-- Exercise details --
Only the lines from the top of the listing below to the line that has "Descripción del KENWOOD" should be echoed, with both ends kept and pictures left out.

-- Data listing --
○ ○ ○

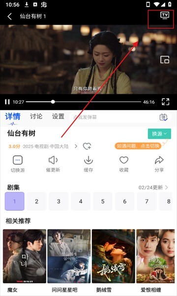 第2步,挑选自己喜爱的剧集进入播放页面,接着点击播放器右上角的投屏按钮。
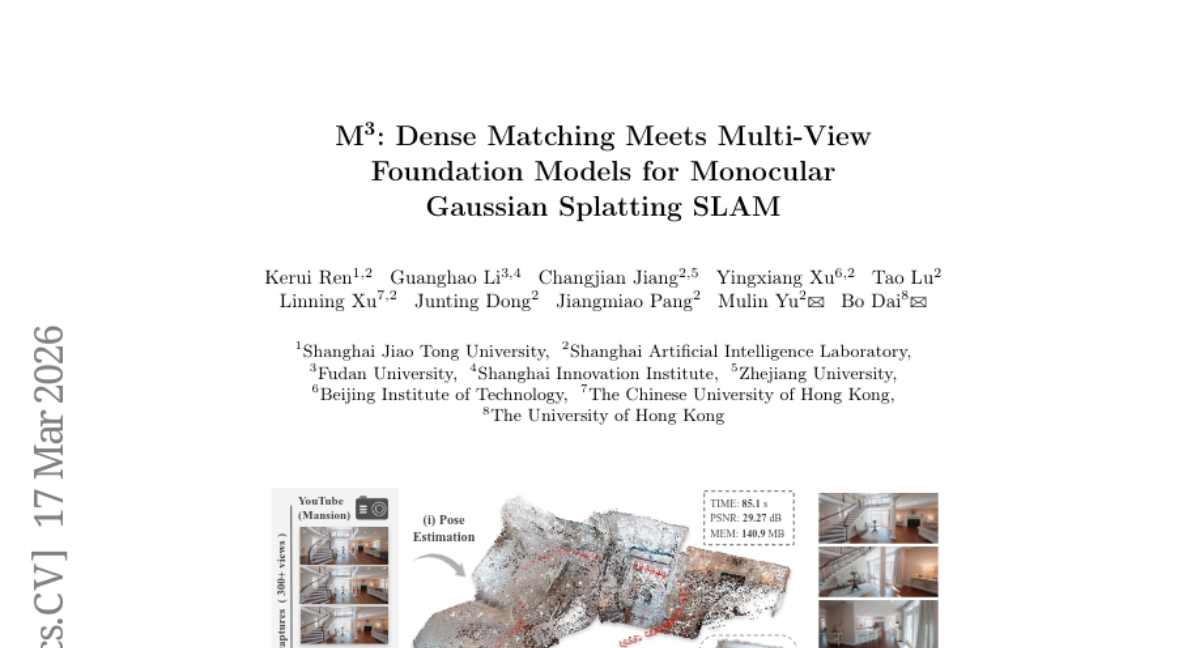 12. M^3: Dense Matching Meets Multi-View Foundation Models for Monocular Gaussian Splatting SLAM
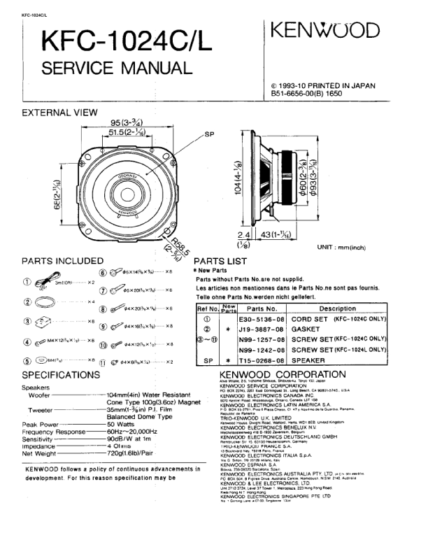 Descripción del KENWOOD KFC1024L Manual de Servicio
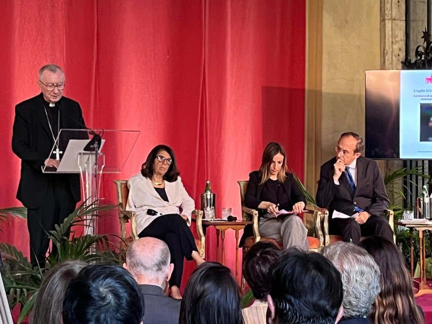A díjátadót megelőzően Parolin bíboros válaszolt a jelen lévő újságírók kérdéseire az ukrajnai és a közel-keleti konfliktussal kapcsolatban. Kijelentette, hogy a háború soha nem lehet igazságos. Utalt a szentföldi Igazságosság és Béke Bizottság által közzétett dokumentumra, amely vitatja az igazságos háború kifejezés használatát a gázai erőszakkal kapcsolatban, és annak helytelenségére hívja fel a figyelmet. „Tudjuk, hogy az igazságos háború fogalma körül ma sok vita zajlik, és hogy az igazságos háború a védelmi háború. Ma azonban a rendelkezésre álló fegyverekkel igen nehézzé válik ez a fogalom. Azt hiszem, hogy nincs még végleges álláspont erről, a kifejezés újrafogalmazás alatt áll.”
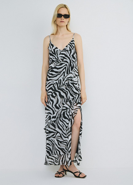 Платье из принтованного шифона с рюшами, Серый
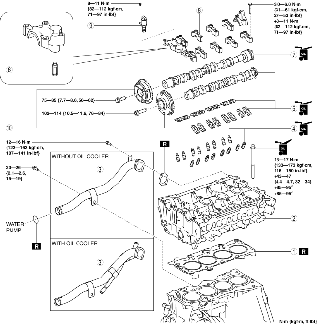 Electric variable valve timing actuator (intake side): 102—114 N·m {10.5—11.6 kgf·m, 76—84 ft·lbf}Hydraulic variable valve timing actuator (exhaust side): 75—85 N·m {7.7—8.6 kgf·m, 56—62 ft·lbf}
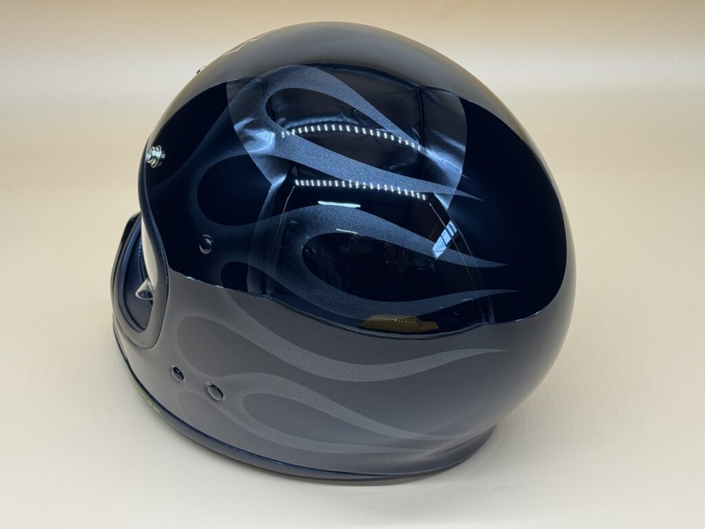 ミッドナイトファイヤーストームのデザインカラーに合わせてヘルメットをペイントしました。

○ ○ ○

-- Answer for the task --
 第2步,挑选自己喜爱的剧集进入播放页面,接着点击播放器右上角的投屏按钮。
 12. M^3: Dense Matching Meets Multi-View Foundation Models for Monocular Gaussian Splatting SLAM
 Descripción del KENWOOD KFC1024L Manual de Servicio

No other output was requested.